* **Exercise details**
Transcribe the entries exactly. Omit the pictures.
:: Entries supplied ::
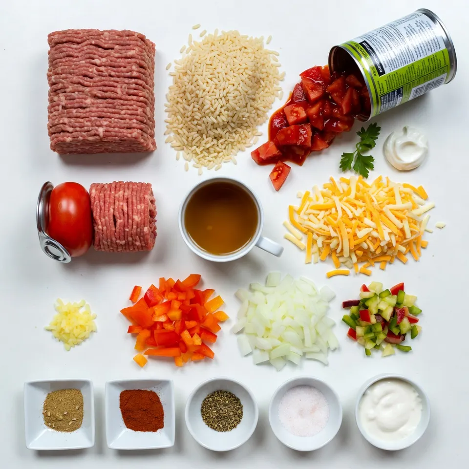 To make Cheesy Hamburger Rice Casserole, you need some key items:
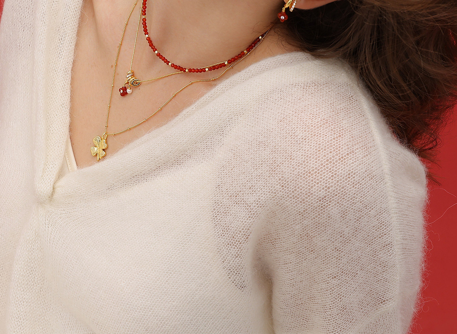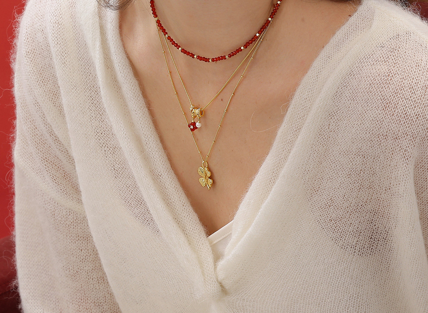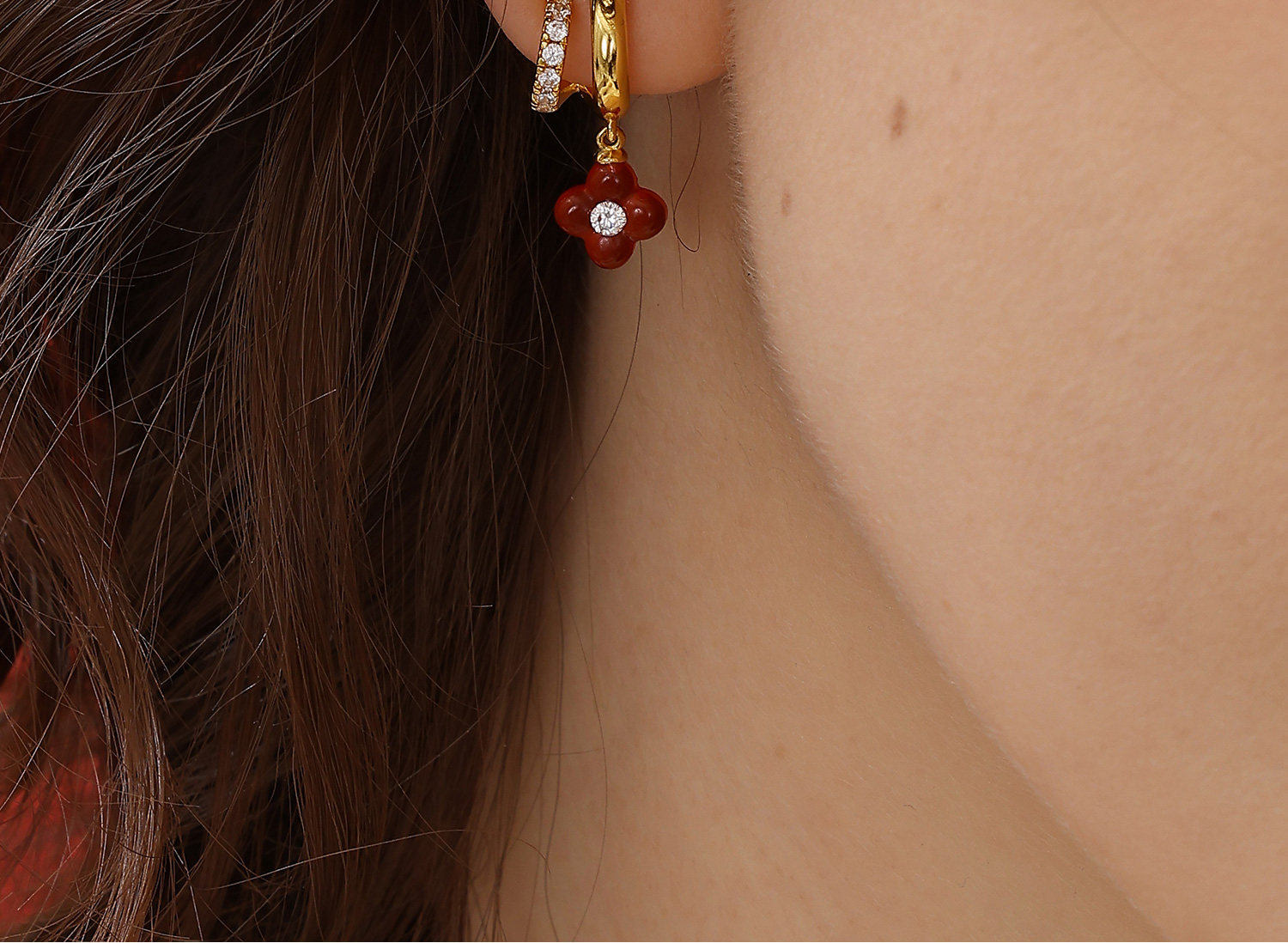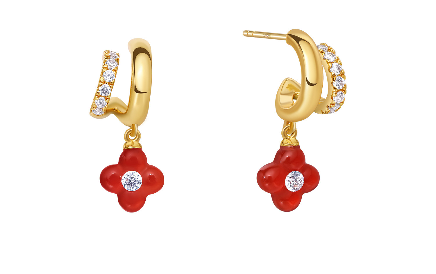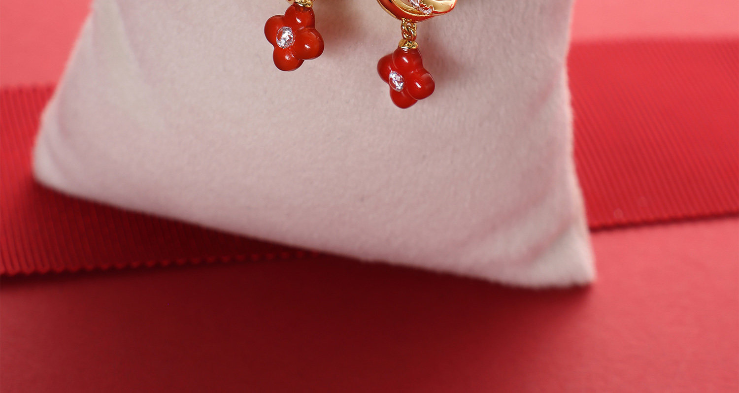 [New Style] Arsis Lucky Symbol Four-Leaf Clover Double Circle Earrings New Year Red Earrings Gift
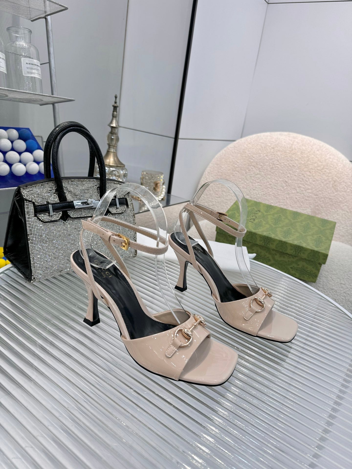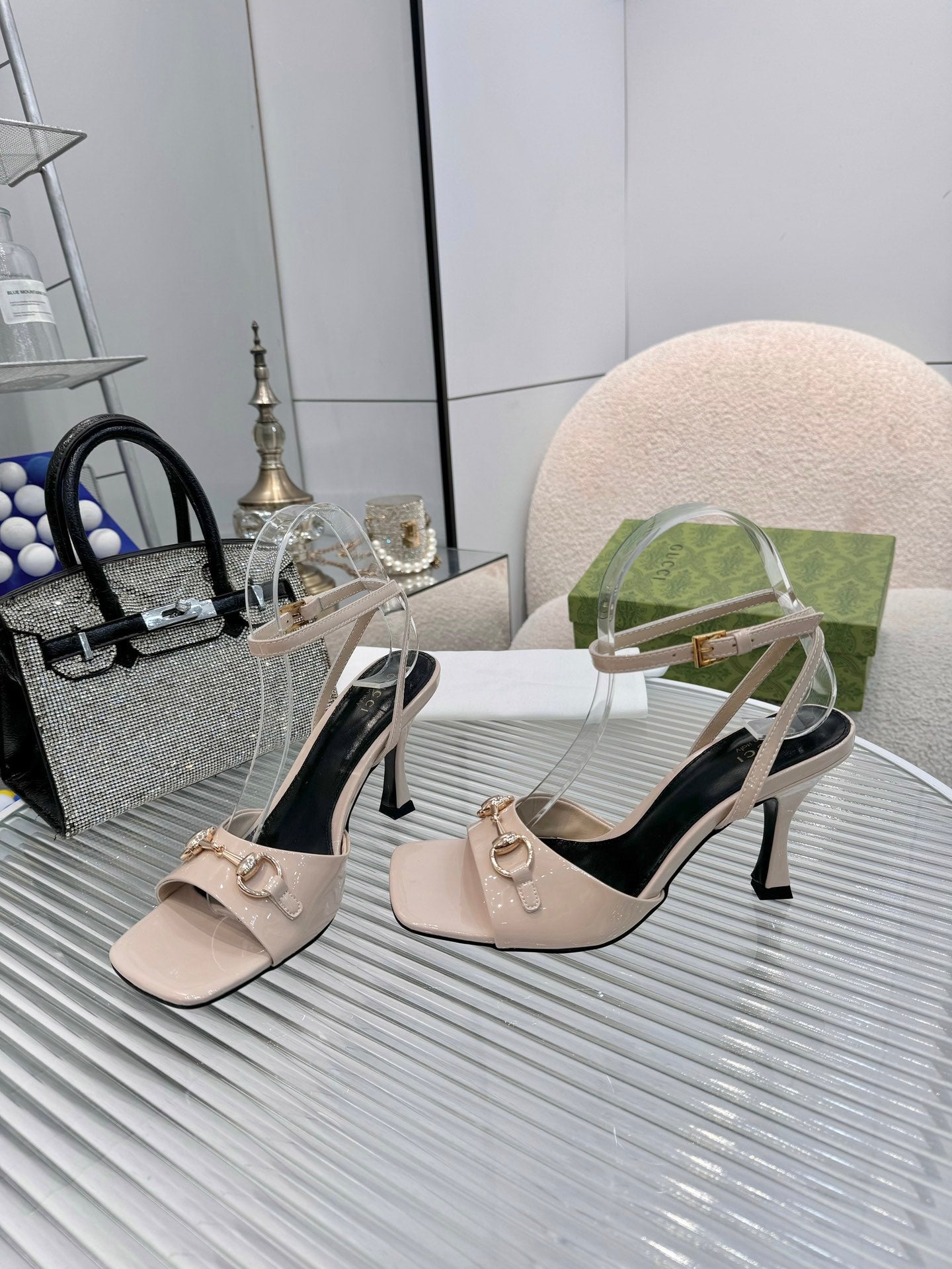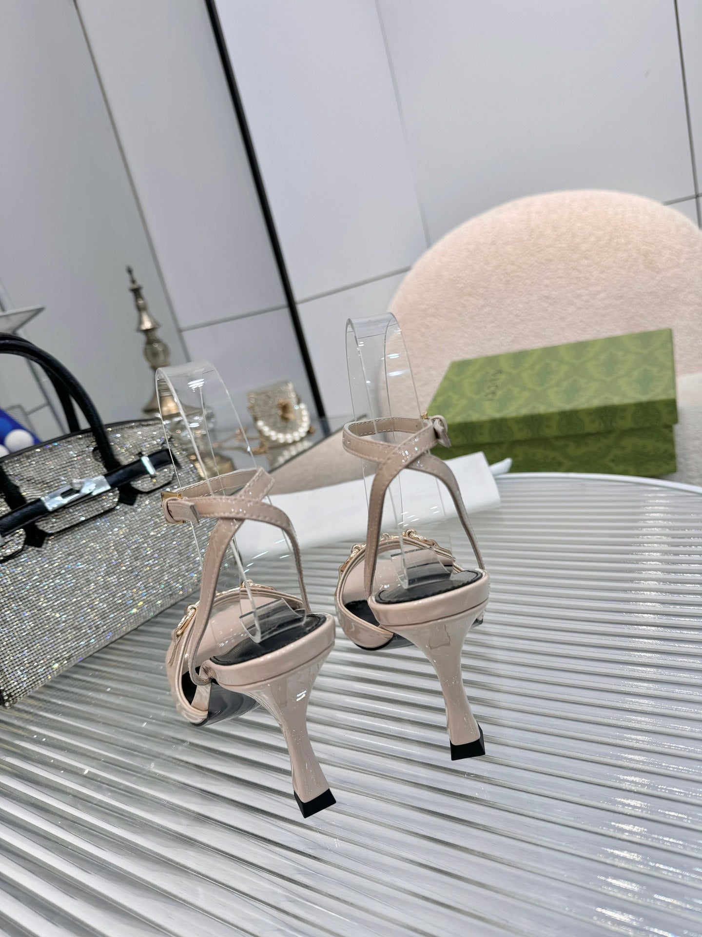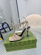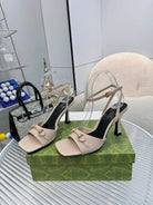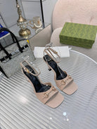 GG Gold Buckle Sandal 80mm Beige Patent Leather 457557
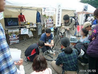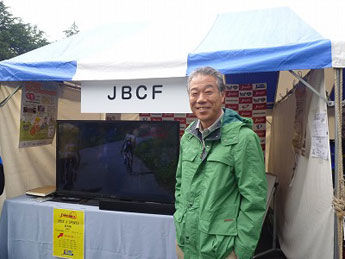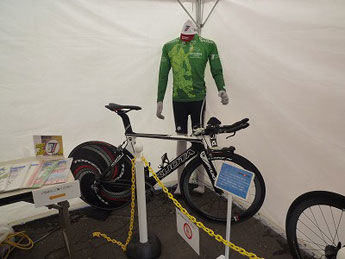 第17回大会のリーダージャージや、過去大会のプログラム、グッズ等を展示。前回大会の映像も。
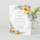 Sunflower Blue Floral Greenery Geometric Wedding Invitation
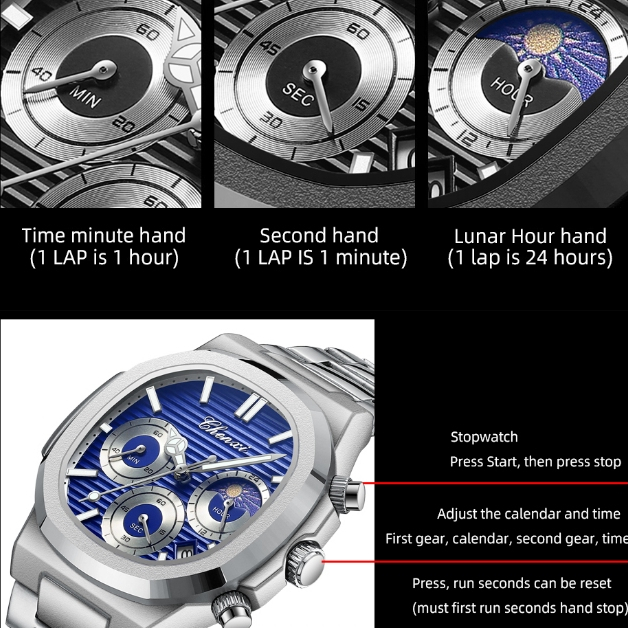 Indoshopwatches Jam Tangan Pria Multifungsi Kalender Chenxi Cx-922 Chronograph Quartz Luminos 43 Mm
:::
* **Solution for this exercise**
 To make Cheesy Hamburger Rice Casserole, you need some key items:
 [New Style] Arsis Lucky Symbol Four-Leaf Clover Double Circle Earrings New Year Red Earrings Gift
 GG Gold Buckle Sandal 80mm Beige Patent Leather 457557
 第17回大会のリーダージャージや、過去大会のプログラム、グッズ等を展示。前回大会の映像も。
 Sunflower Blue Floral Greenery Geometric Wedding Invitation
 Indoshopwatches Jam Tangan Pria Multifungsi Kalender Chenxi Cx-922 Chronograph Quartz Luminos 43 Mm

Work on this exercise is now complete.